**Exercise materials:**

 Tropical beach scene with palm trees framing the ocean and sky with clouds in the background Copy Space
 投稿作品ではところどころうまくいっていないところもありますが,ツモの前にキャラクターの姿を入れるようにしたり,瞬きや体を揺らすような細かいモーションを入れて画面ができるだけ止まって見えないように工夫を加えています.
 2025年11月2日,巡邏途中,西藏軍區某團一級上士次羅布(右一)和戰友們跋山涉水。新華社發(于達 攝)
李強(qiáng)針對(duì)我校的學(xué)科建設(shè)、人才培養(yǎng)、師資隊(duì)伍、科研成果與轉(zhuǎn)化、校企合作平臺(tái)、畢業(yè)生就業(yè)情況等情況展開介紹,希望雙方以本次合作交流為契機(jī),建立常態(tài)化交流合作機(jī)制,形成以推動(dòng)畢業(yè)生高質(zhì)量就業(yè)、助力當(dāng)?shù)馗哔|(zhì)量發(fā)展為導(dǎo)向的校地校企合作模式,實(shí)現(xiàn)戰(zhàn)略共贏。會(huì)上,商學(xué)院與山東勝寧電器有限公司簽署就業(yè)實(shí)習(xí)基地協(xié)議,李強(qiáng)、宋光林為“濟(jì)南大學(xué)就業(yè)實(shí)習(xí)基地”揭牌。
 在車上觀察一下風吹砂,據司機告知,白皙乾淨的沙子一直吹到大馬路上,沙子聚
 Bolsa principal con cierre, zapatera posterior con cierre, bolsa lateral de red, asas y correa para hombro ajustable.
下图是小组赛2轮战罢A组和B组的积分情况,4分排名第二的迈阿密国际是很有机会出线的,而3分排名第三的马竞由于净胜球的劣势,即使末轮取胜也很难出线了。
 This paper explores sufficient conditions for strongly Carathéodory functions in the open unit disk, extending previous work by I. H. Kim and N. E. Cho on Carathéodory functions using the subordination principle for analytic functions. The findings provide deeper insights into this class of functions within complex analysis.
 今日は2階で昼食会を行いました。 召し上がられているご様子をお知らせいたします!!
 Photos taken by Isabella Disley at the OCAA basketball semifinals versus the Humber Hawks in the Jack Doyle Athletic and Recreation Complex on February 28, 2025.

* * *

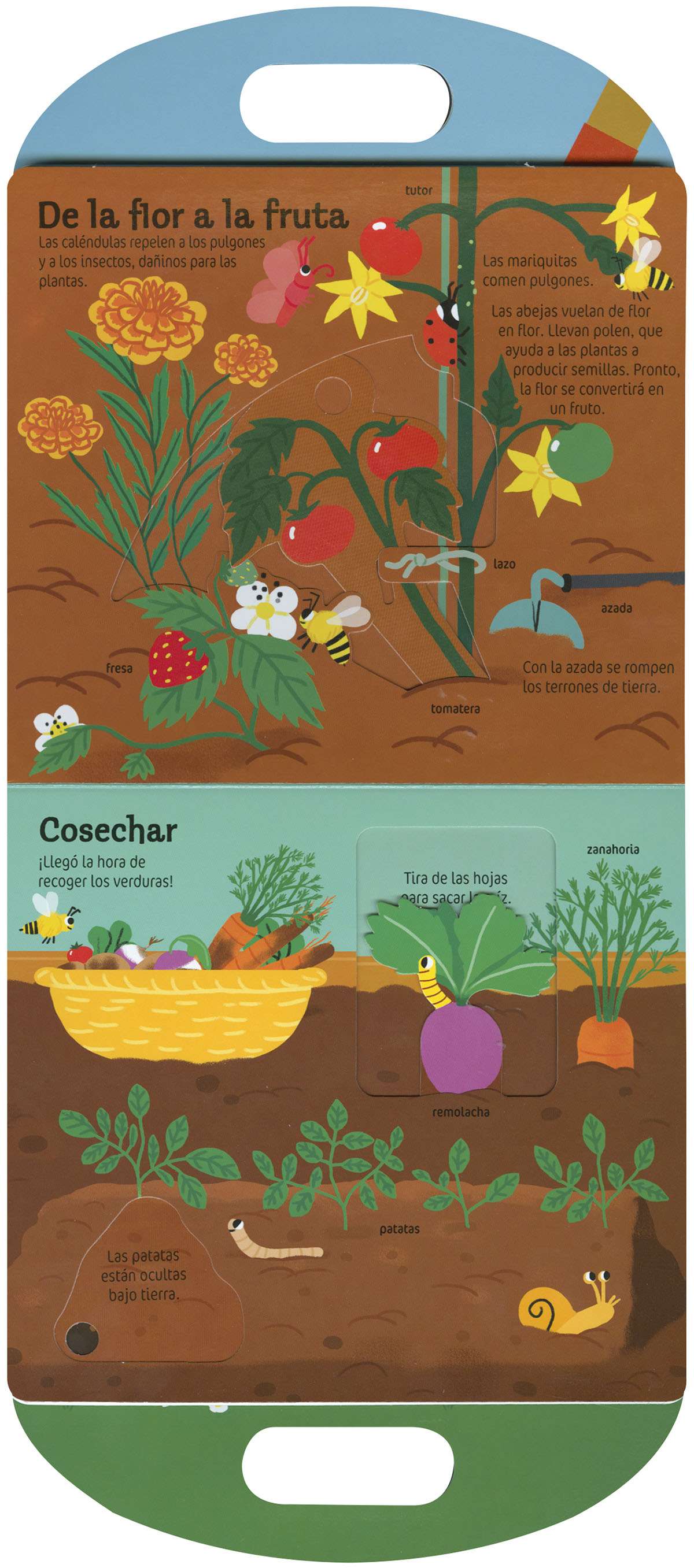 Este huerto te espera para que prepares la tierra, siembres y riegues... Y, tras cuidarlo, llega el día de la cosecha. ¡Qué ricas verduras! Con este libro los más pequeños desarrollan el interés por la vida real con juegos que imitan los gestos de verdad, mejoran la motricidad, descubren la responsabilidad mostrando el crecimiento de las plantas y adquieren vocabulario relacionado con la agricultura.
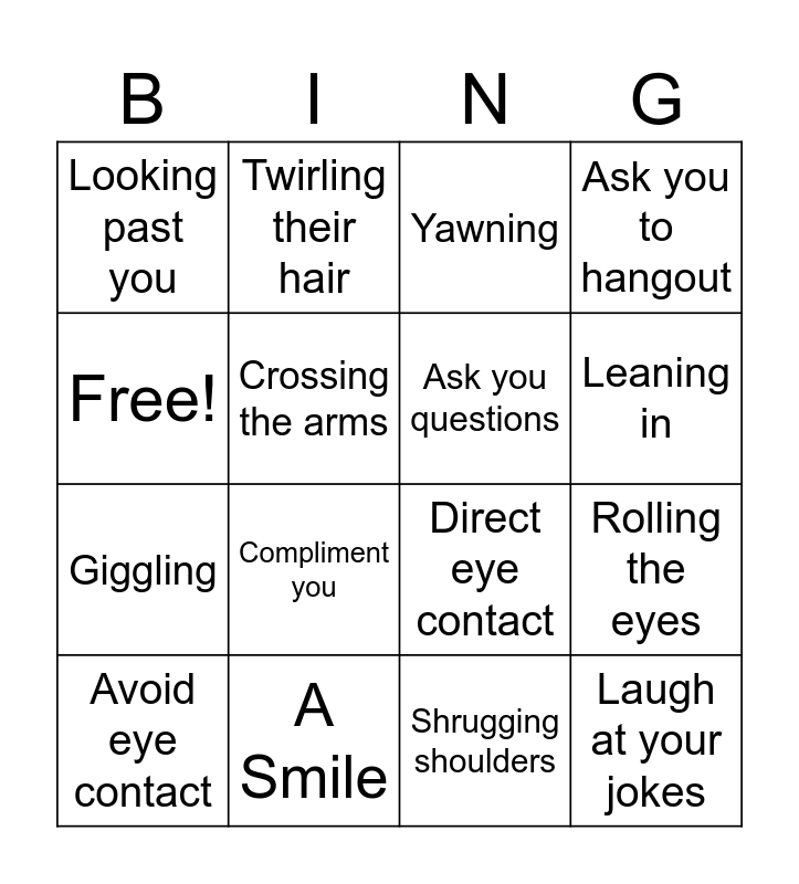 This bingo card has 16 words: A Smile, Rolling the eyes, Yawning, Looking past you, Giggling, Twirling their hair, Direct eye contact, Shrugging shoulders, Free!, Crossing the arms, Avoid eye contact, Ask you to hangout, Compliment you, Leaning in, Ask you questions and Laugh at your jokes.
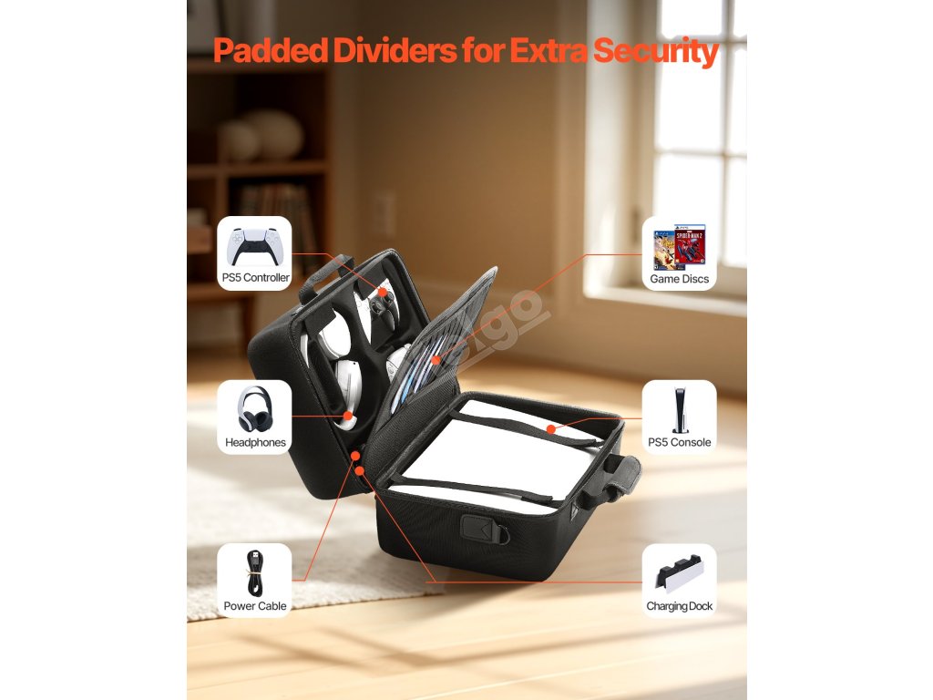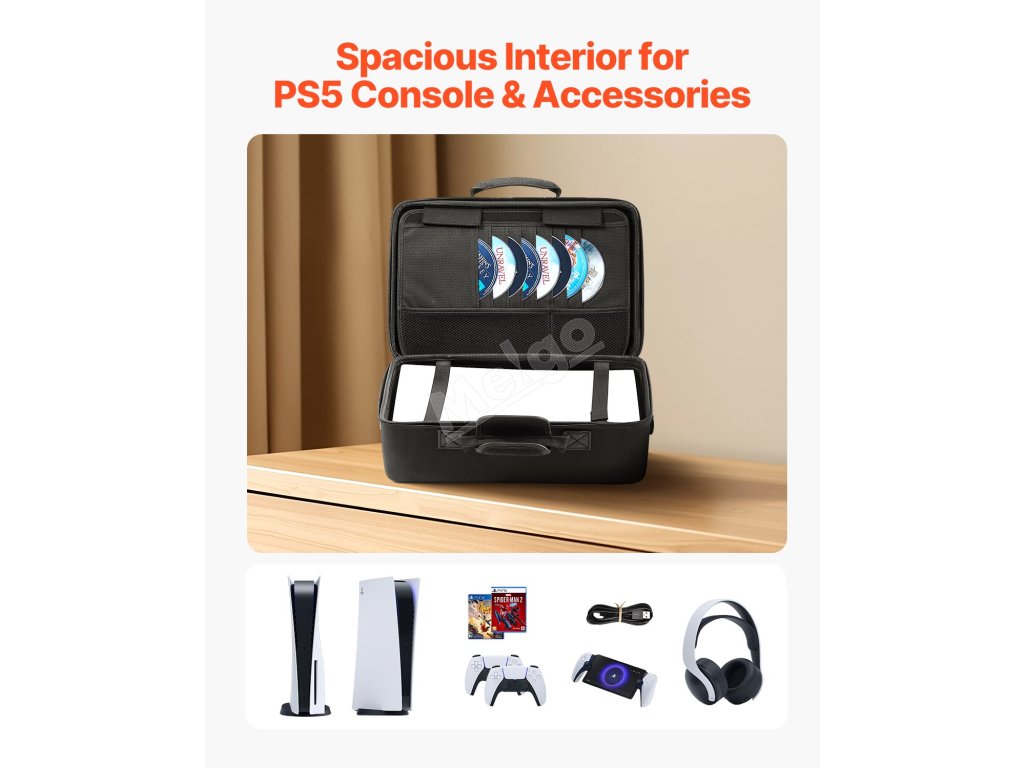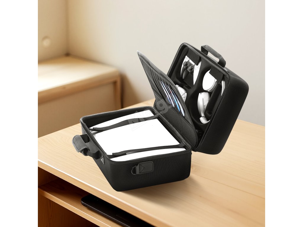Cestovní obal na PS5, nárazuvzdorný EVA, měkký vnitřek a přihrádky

**Task instructions:** Return, word for word, the lines of the data above from the line with "Tropical beach scene" through the line with "下图是小组赛2轮战罢A组和B", inclusive.

**Answer space:**
 Tropical beach scene with palm trees framing the ocean and sky with clouds in the background Copy Space
 投稿作品ではところどころうまくいっていないところもありますが,ツモの前にキャラクターの姿を入れるようにしたり,瞬きや体を揺らすような細かいモーションを入れて画面ができるだけ止まって見えないように工夫を加えています.
 2025年11月2日,巡邏途中,西藏軍區某團一級上士次羅布(右一)和戰友們跋山涉水。新華社發(于達 攝)
李強(qiáng)針對(duì)我校的學(xué)科建設(shè)、人才培養(yǎng)、師資隊(duì)伍、科研成果與轉(zhuǎn)化、校企合作平臺(tái)、畢業(yè)生就業(yè)情況等情況展開介紹,希望雙方以本次合作交流為契機(jī),建立常態(tài)化交流合作機(jī)制,形成以推動(dòng)畢業(yè)生高質(zhì)量就業(yè)、助力當(dāng)?shù)馗哔|(zhì)量發(fā)展為導(dǎo)向的校地校企合作模式,實(shí)現(xiàn)戰(zhàn)略共贏。會(huì)上,商學(xué)院與山東勝寧電器有限公司簽署就業(yè)實(shí)習(xí)基地協(xié)議,李強(qiáng)、宋光林為“濟(jì)南大學(xué)就業(yè)實(shí)習(xí)基地”揭牌。
 在車上觀察一下風吹砂,據司機告知,白皙乾淨的沙子一直吹到大馬路上,沙子聚
 Bolsa principal con cierre, zapatera posterior con cierre, bolsa lateral de red, asas y correa para hombro ajustable.
下图是小组赛2轮战罢A组和B组的积分情况,4分排名第二的迈阿密国际是很有机会出线的,而3分排名第三的马竞由于净胜球的劣势,即使末轮取胜也很难出线了。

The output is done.